3rd Herbert Pell Cup

Event information
- Type: Challenge race for America's Cup
- Dates: 1977
- Host city: Newport, Rhode Island
- Boats: Sun City Yacht Club Royal Perth Yacht Club

Results
- Winner: Sun City Yacht Club

Succession
- Previous: 1977 Herbert Pell Cup
- Next: 1980 Herbert Pell Cup

= 1977 Herbert Pell Cup =

The 1977 Herbert Pell Cup was held in Newport, Rhode Island, United States in 1977. The winner, Australia, was awarded the Herbert Pell Cup and went on to challenge for the 1977 America's Cup.
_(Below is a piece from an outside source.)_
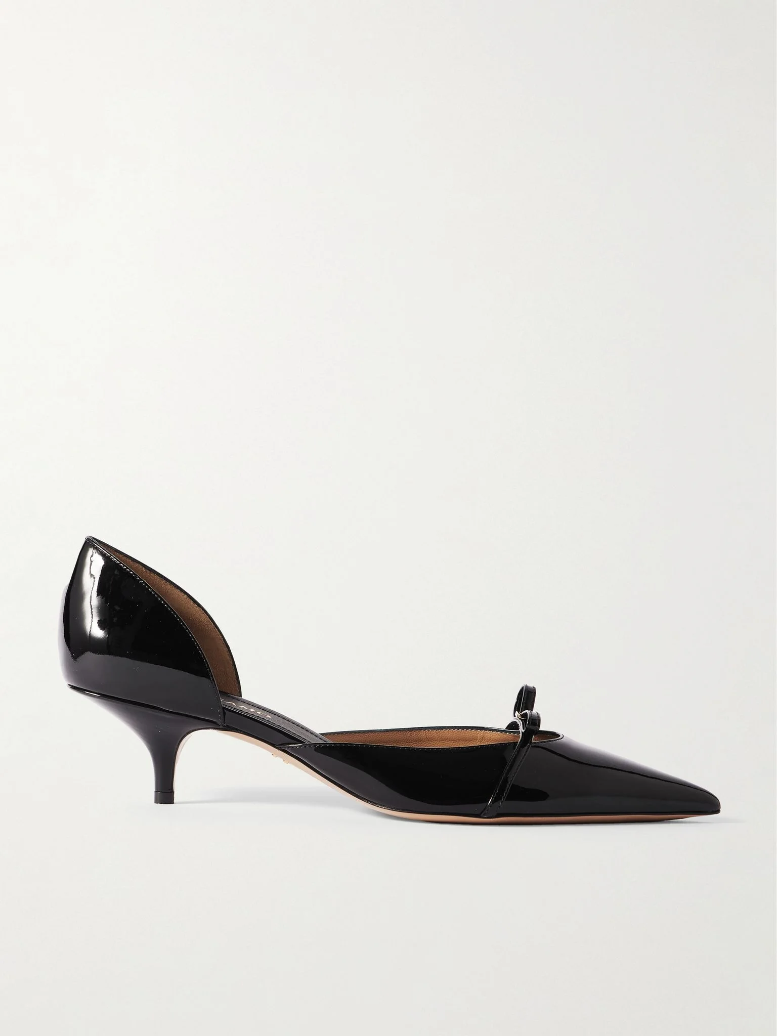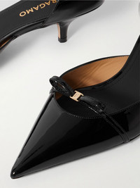 Ferragamo''s ‘Gyoia’ pumps have been crafted in Italy from glossy patent-leather and rest on low kitten heels that are practical for long days (or nights). Consider hemlines that show off the dainty bows at the pointed toes. Size & Fit - Fits true to size, take your normal size - US sizing Details & Care - Heel measures approximately 40mm/ 1.5 inches - Black patent-leather (Calf) - Slip on
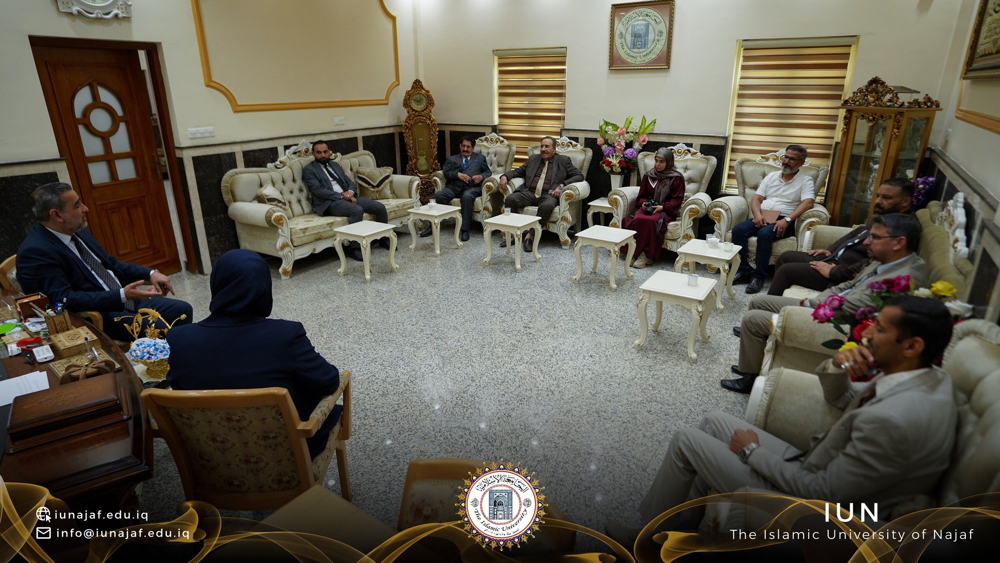 In an official visit, Assistant Professor Dr. Sahar Al-Hassani, Dean of the College of Education at the University of Kufa, visited the Islamic University in Najaf, where she was received by the President of the Islamic University, Professor Dr. Ammar Abdul-Amir Al-Salami, and the Dean of the College of Education at the Islamic University, Dr. Nazem Al-Salami.

In a defenders selection series that was held simultaneously, three boats competed for the right to defend the America's Cup.

==Teams==

===Australia (AUS)===
Representing the Sun City Yacht Club, Australia was owned by Alan Bond in his second challenge for the America's Cup. The boat was skippered by Noel Robins and the crew included John Bertrand, David Forbes, Michael Fletcher, Jack Baxter, John Longley, Scott McAllister and Kenneth Judge.

===Gretel II (AUS)===

Representing the Royal Perth Yacht Club, Gretel II had originally challenged for the 1970 America's Cup. The boat was skippered by Gordon Ingate.

===France (FRA)===
France was owned by Marcel Bich in his third consecutive challenge for the Cup. Bich had originally built a new boat, France II, however it proved slow in trials and Bich reverted to his original entry. The boat represented the Yacht Club of Hyéres and the afterguard included Bruno Trouble.

===Sverige (SWE)===
Sverige represented the Royal Gothenburg Yacht Club and was sponsored by Volvo. The team was skippered by Olympic silver medalist Pelle Petterson.

The team replaced traditional grinder stations with bicycle grinding stations below deck.